The use of proton pump inhibitor (PPI) medications has rapidly increased in recent years because of its efficacy in treating gastroesophageal reflux disease (GERD) and peptic ulcer disease (PUD).1 Because PPIs have minimal side effects and few significant drug interactions, they are generally considered safe for long‐term treatment.2 Since their introduction in the late 1980s, millions of individuals worldwide have been using these medications on a continuous or long‐term basis. Recently, studies have explored the appropriateness and judiciousness in the use of PPI in hospital and outpatient practices.3, 4

Significant current concerns have focused on the long‐term effect of PPIs and whether these medications can change gastric physiology,5 potentially leading to cell transformation, gastric adenocarcinoma, bacterial overgrowth, enteric infections or malabsorption (e.g., fat, minerals and vitamins). Many retrospective observational studies found several adverse outcomes linked to PPI therapy, including hip fracture,6 pneumonia,7 acute interstitial nephritis8 and hypomagnesemia.9 Thus, the safety of the long‐term use of PPI has recently been questioned.

Physiologically, long‐term PPI use can induce acid–base imbalance in the gastrointestinal tract. Normal gastric acid has pH below 4 and has a powerful bactericidal effect. The strong acidity has the ability to kill exogenous, acid‐sensitive bacteria in the stomach within a 15‐min time span.10 PPIs reduce the amount of gastric acid secretion in the stomach, thereby increasing the survival of various microbes and allowing at least 50% of ingested bacterial to survive gastric trap.10 Optimal physiological processes in the gastrointestinal tract require coordination and fine balance between intracellular and extracellular pH. All cells must maintain cytoplasmic pH within a narrow range to survive.11 This is particularly true in the upper gastrointestinal tract, where the pH range varies greatly. Theoretically, prolonged pH imbalance from long‐term PPI use can decrease enzymatic activities in upper gastrointestinal tract and ultimately increase the possibility of DNA damage and harmful cell mutation.12, 13

Although postulated mechanisms of cancer related to PPI remain unclear, one theory suggests that PPIs allow the proliferation of cells with deadly mutations, in the upper gastrointestinal tract, especially in the ampulla of Vater and increase risk to developing periampullary adenocarcinomas.14, 15 Given the widespread use of PPIs, the aim of this study is to examine the effect of PPIs on periampullary adenocarcinomas in a dose‐dependent manner, based on a national population‐based cohort.

Material and Methods

Data source

The National Health Insurance Research Database (NHIRD) of Taiwan is a nationwide claims database, maintained by the National Health Insurance Administration (NHIA). It covers almost every medical reimbursement claim received by beneficiaries under the regulation of National Health Insurance (NHI) program. Since 1995, all citizens of Taiwan are required by law to enroll in the NHI. In 2012, the NHI coverage rate was 99%. The NHIRD contains claims data on beneficiary demographics, disease diagnoses, treatment procedures, prescription medications, date‐of‐service, reimbursement amounts and beneficiary‐ and provider‐encrypted identifiers. To verify the accuracy of diagnoses and the rationale for treatments, the NHIA routinely audits a proportion of the NHI claims.
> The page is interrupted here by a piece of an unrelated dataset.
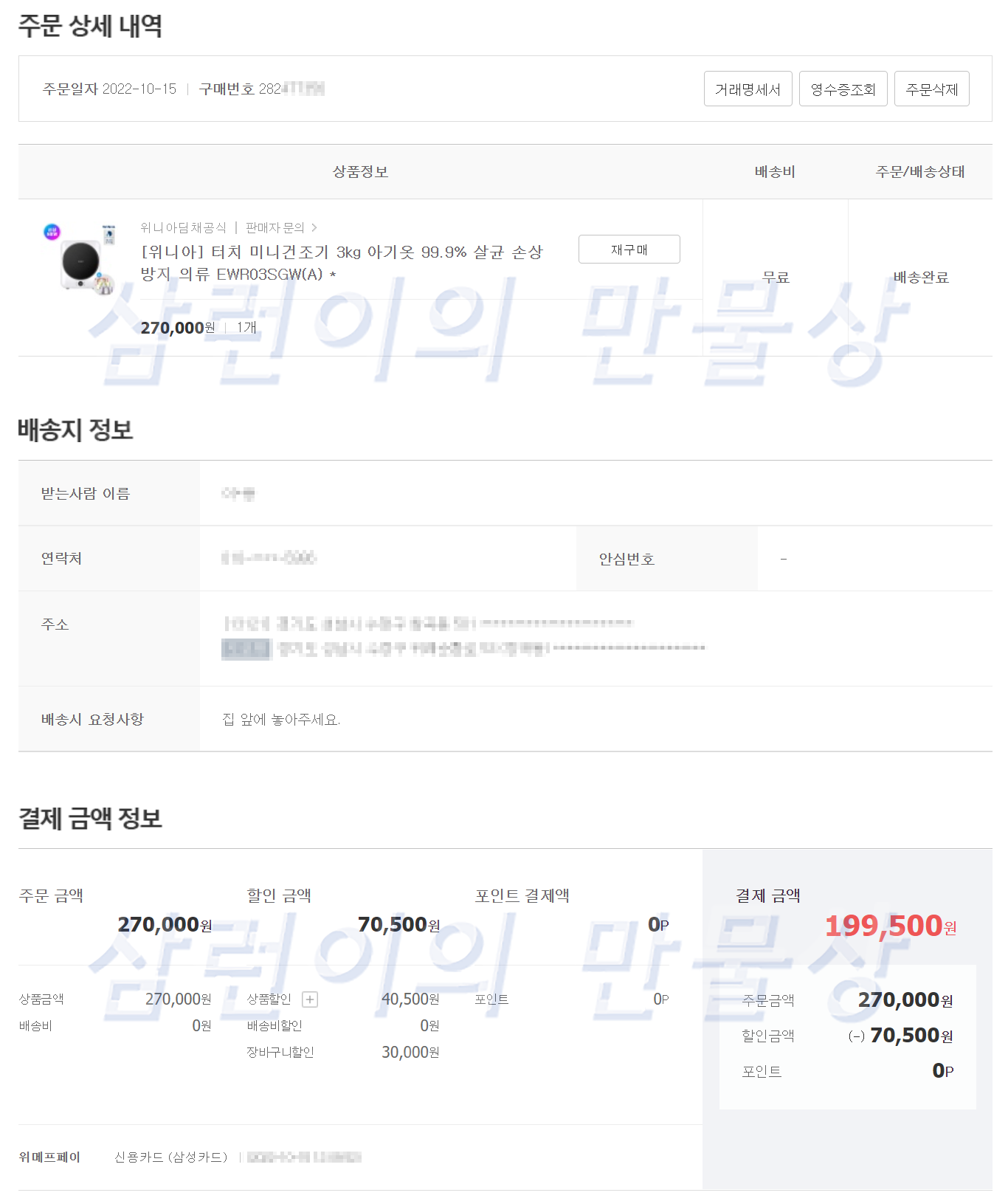 2022년 10월 15일에 위메프에서 19만 9500원에 구입했습니다.

The Taiwan Cancer Registry (TCR) is a population‐based cancer registry that standardizes medical definitions and terminology, coding and procedures of the registry's reporting system and tracking of patients with a cancer diagnosis. Following the enactment of the Cancer Control Act in 2003, all hospitals are mandated to submit cancer data to TCR. Additionally, TCR data are subject to periodic quality‐control audits and is processed according to the standard guidelines of the International Agency for Research on Cancer, resulting in 2‐year time lag between collection and publication of data.

Cohort selection

Of the 23 million beneficiaries enrolled in NHI from 2000 to 2010, the eligible cohort in this study included patients who were 40 years or older and met the following criteria: (i) continuously enrolled in NHI since 2000; (ii) absence of any periampullary cancer diagnosis before 2002 and (iii) had no PPI prescription claims between 2000 and 2001 to create a new‐user cohort without PPI exposure before entering the cohort.
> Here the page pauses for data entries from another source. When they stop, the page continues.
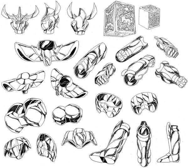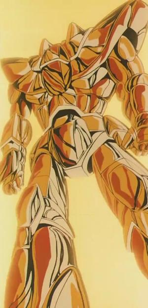 Número de piezas: 13 La armadura se compone de 13 piezas: dos espinilleras, que van desde el pie hasta la rodilla, dos rodilleras, que alcanza más o menos a media pierna, dos brazaletes, que van desde los dedos hasta los codos; dos protectores de los bíceps, dos hombreras, que también protegen mitad superior del brazo, un bloque central, que también incluye la protección de la espalda, el cinturón, y el casco. El color principal es el dorado en varios tonos.
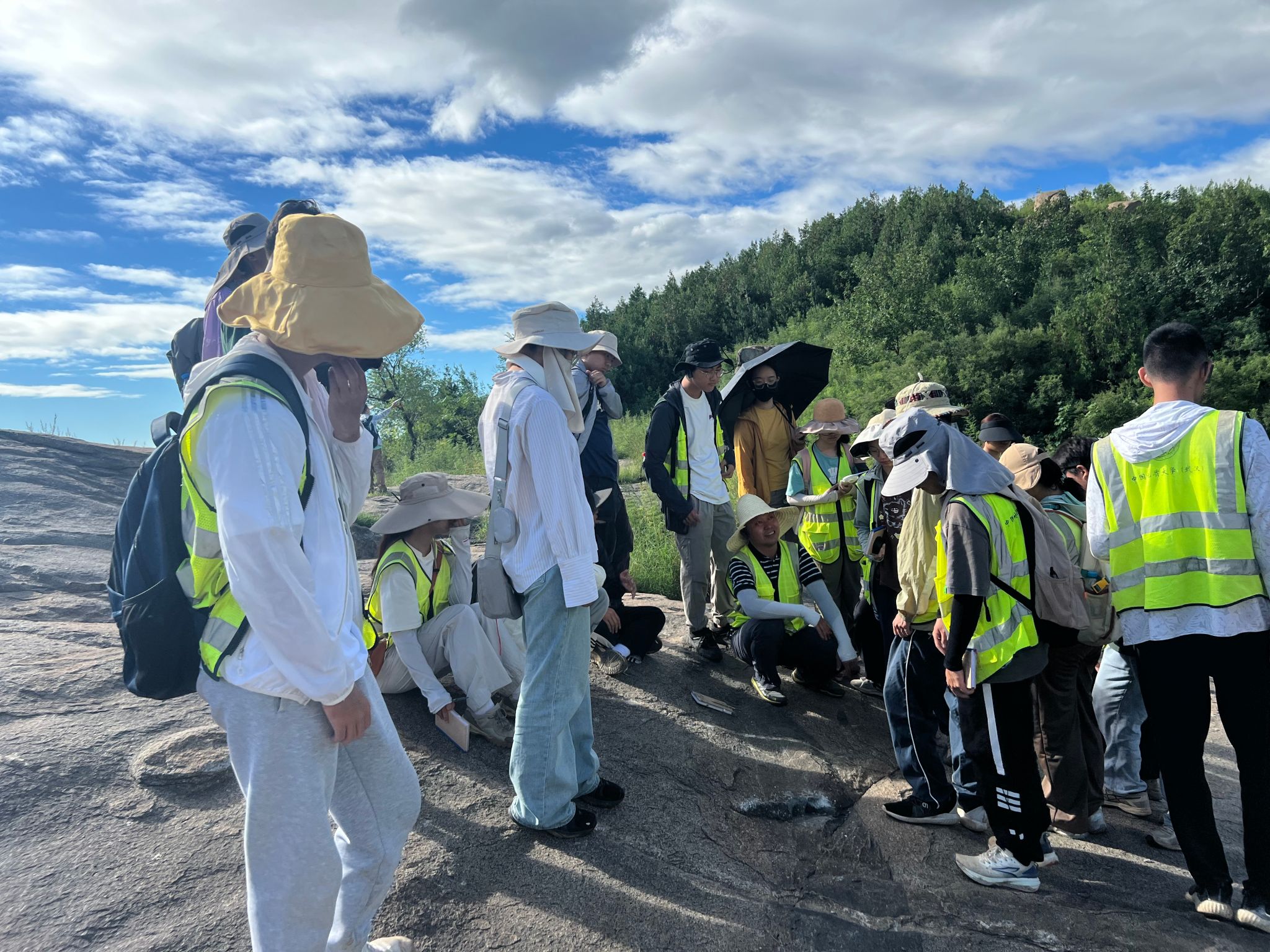师生正式踏上了周口店这片地质乐园,开启此次实习之旅。此次实习主要采用理论基础课与野外实习相结合的方式,同学们在学习地质概况基础、野簿记录格式、罗盘使用方法等野外实习的基础理论课之后,并逐渐开始出野外。海洋师生一起领略了太平山南坡路线的壮美风景,羊屎沟路线的曲径通幽,西风坡路线房山侵入岩体的独特震撼,八角寨路线典型的地层迭代,还有黄山店路线各式各样的褶皱与劈理,在野外实习的过程中,全体师生一起克服了崎岖山路、蚊虫叮咬、烈日曝晒等困难,收获了专业的知识,同时也得到了无与伦比的难忘经历。
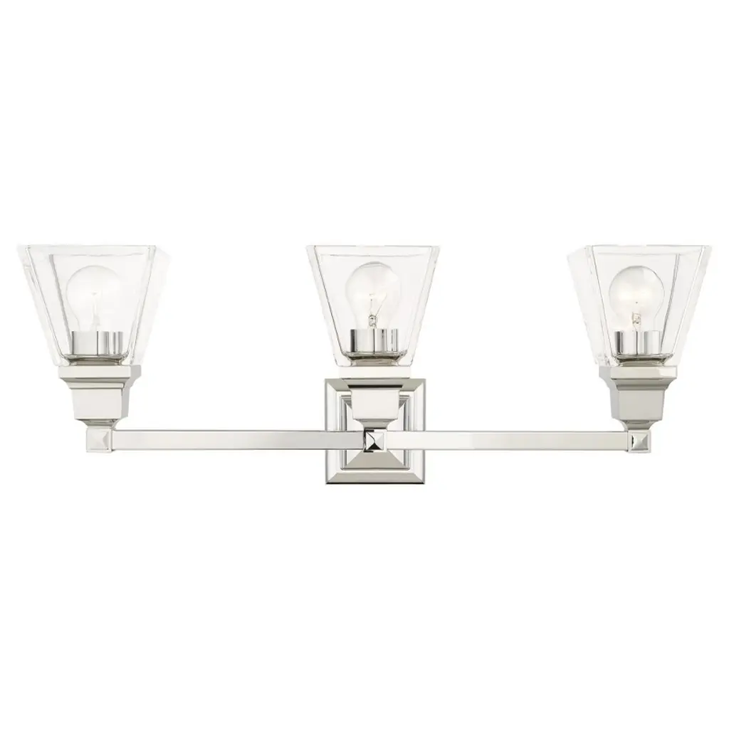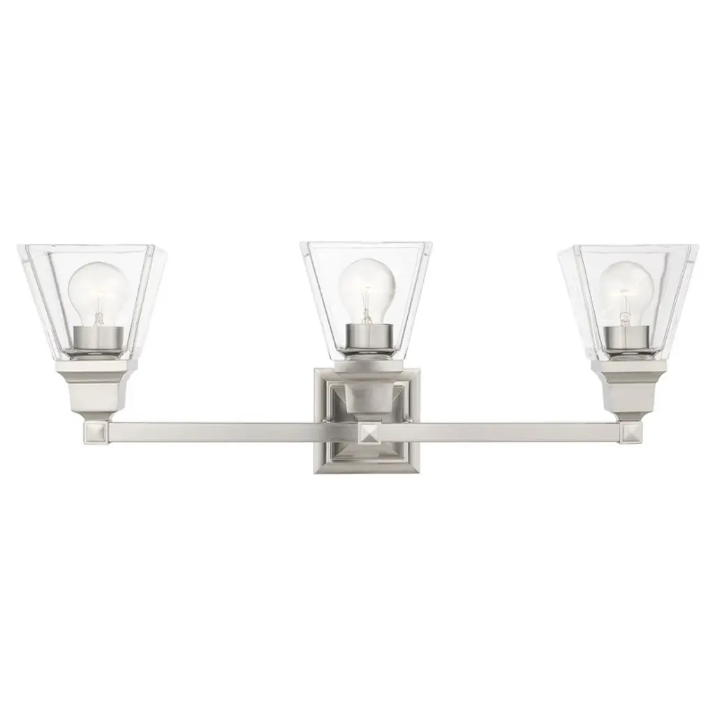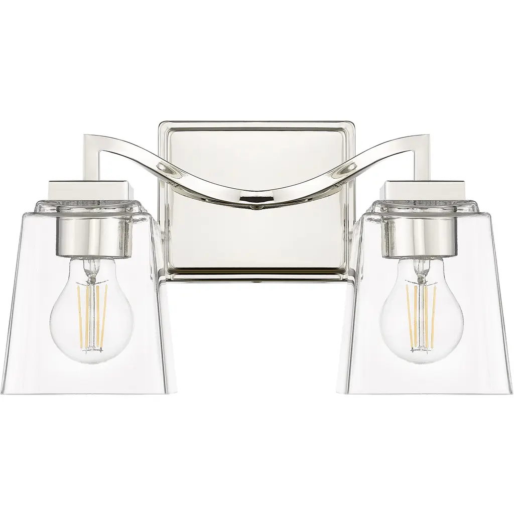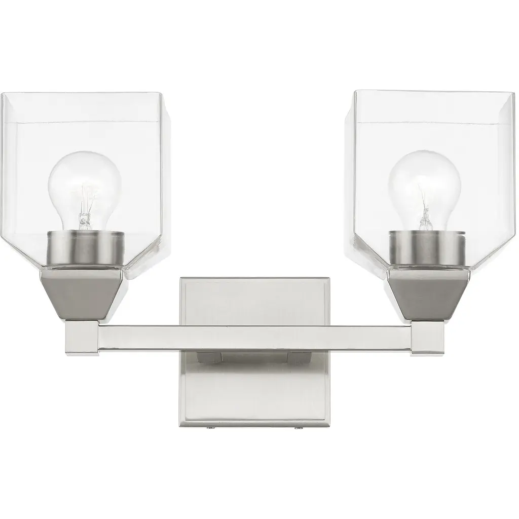 Collection: Mission, Material: Steel, Finish Color: Brushed Nickel, Width: 15", Height: 9.5", Depth: 7.75", Height From Outlet Box: 7.25", Backplate Width: 4.5", Backplate Length: 2.88", Lamping Type: Incandescent, Number Of Bulbs: 2, Wattage: 100 Watts, Moisture Rating: Dry Rated, Desc: The Mission collection has clean lines with geometric forms. This two light bath vanity light features clear glass on polished brass, square style arms that elevates the classic look. Mounting Direction: Up/Down / Shade Included: Yes. ,

A new‐user design can eliminate two major biases by restricting the analysis to persons under observation at the start of the current course of treatment. The first bias was the healthy user effect that patients who decided to use PPI have a more favorable risk factors profile than do nonusers that is common in many observational studies. The second bias was due to the covariates for drug users at study entry often are plausibly affected by the drug itself. Investigators often do not adjust for these factors on the causal pathway, which may introduce confounding.16, 17

Patients diagnosed with periampullary cancers within a year of follow‐up were excluded. This cohort was screened for any occurrence of periampullary cancers and if so, death up to December 2012. All deaths were confirmed by using the National Death Registry (NDR). The completeness and accuracy of death records of Taiwan is high as it is mandatory to register all death with the NDR.

Case identification and control selection

According to the International Classification of Disease of Oncology (ICD‐O), periampullary cancer is classified as extrahepatic cholangiocarcinoma (ICD‐O‐3: C24.0), ampullary (ICD‐O‐3: C24.1), duodenum (ICD‐O‐3: C17.0), jejunum (ICD‐O‐3: C17.1) or pancreatic (ICD‐O‐3: C25.0). By definition, periampullary cancers arise within 2 cm of the major papilla in the duodenum and encompass four different types of cancers according to location: ampullary (ampulla of Vater), biliary (intrapancreatic distal bile duct), pancreatic (head–uncinate process) and duodenal (mainly from the second portion). Although these tumors have different origins, the complex regional anatomy and their proximity to other organs generally dictate the operative approach.18 Therefore, this study considered a broader definition of periampullary cancers.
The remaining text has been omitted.